REQUIRED ACTION: The answer must be an exact copy of the lines from the top of the listing below through the line with "さりげない輝きが、顔周りを華", with no pictures.

DATASET SECTION:
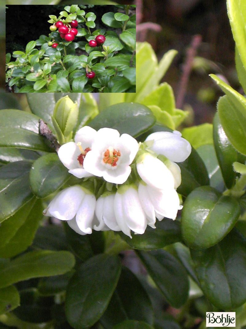 immergrüner, kriechender Strauch, Laub ähnlich Buxus sempervirens var. arborescens, stumpf, eiförmig, glänzend dunkelgrün, Blüte weiß bis rosa im Juni, erbsengroße, rote Früchte, essbar, guter Bodendecker für halbschattige und sonnige Lagen.
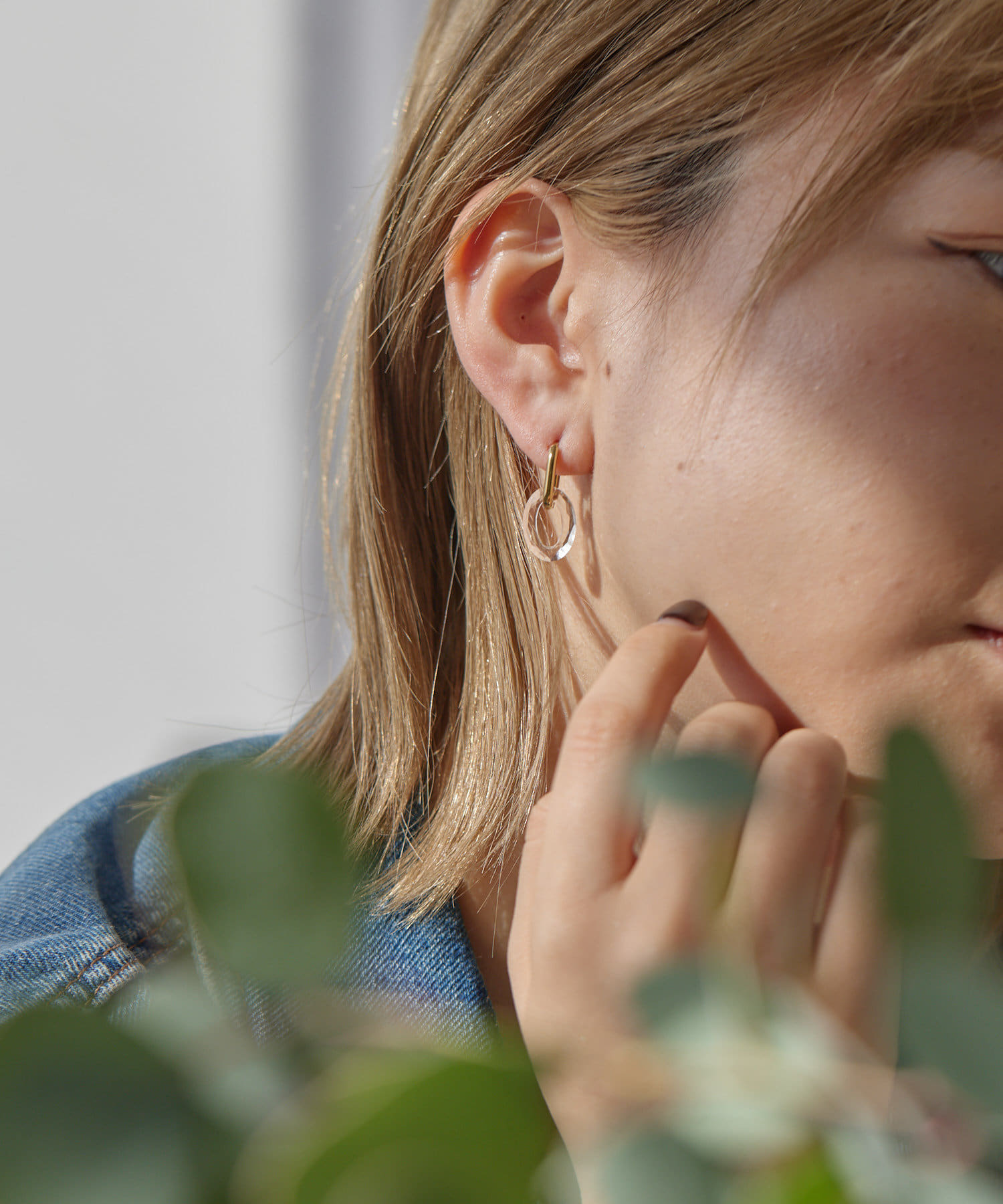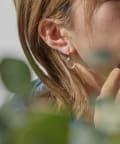 さりげない輝きが、顔周りを華やかに彩ります。カットされたガラスが光を捉え、キラキラと上品に輝く様子は、つけるだけで気分を上げてくれるアイテムです。
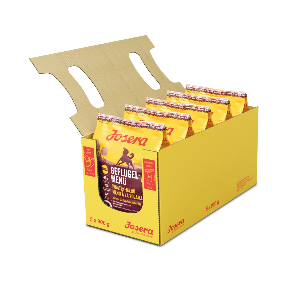Knapperige kroketten met geselecteerde ingrediënten en veel gevogelte – en dat voor een onverslaanbare prijs? Met ons Josera gevogeltemenu brengen we beide in evenwicht. Deze smakelijke en licht verteerbare maaltijd zal natuurlijk niet alleen u blij maken, maar ook uw trouwe viervoeter: want naast een zeer hoge acceptatie en goede verteerbaarheid wordt het ook graag gegeten door kieskeurige honden.

THE COMPLETED TASK:
 immergrüner, kriechender Strauch, Laub ähnlich Buxus sempervirens var. arborescens, stumpf, eiförmig, glänzend dunkelgrün, Blüte weiß bis rosa im Juni, erbsengroße, rote Früchte, essbar, guter Bodendecker für halbschattige und sonnige Lagen.
 さりげない輝きが、顔周りを華やかに彩ります。カットされたガラスが光を捉え、キラキラと上品に輝く様子は、つけるだけで気分を上げてくれるアイテムです。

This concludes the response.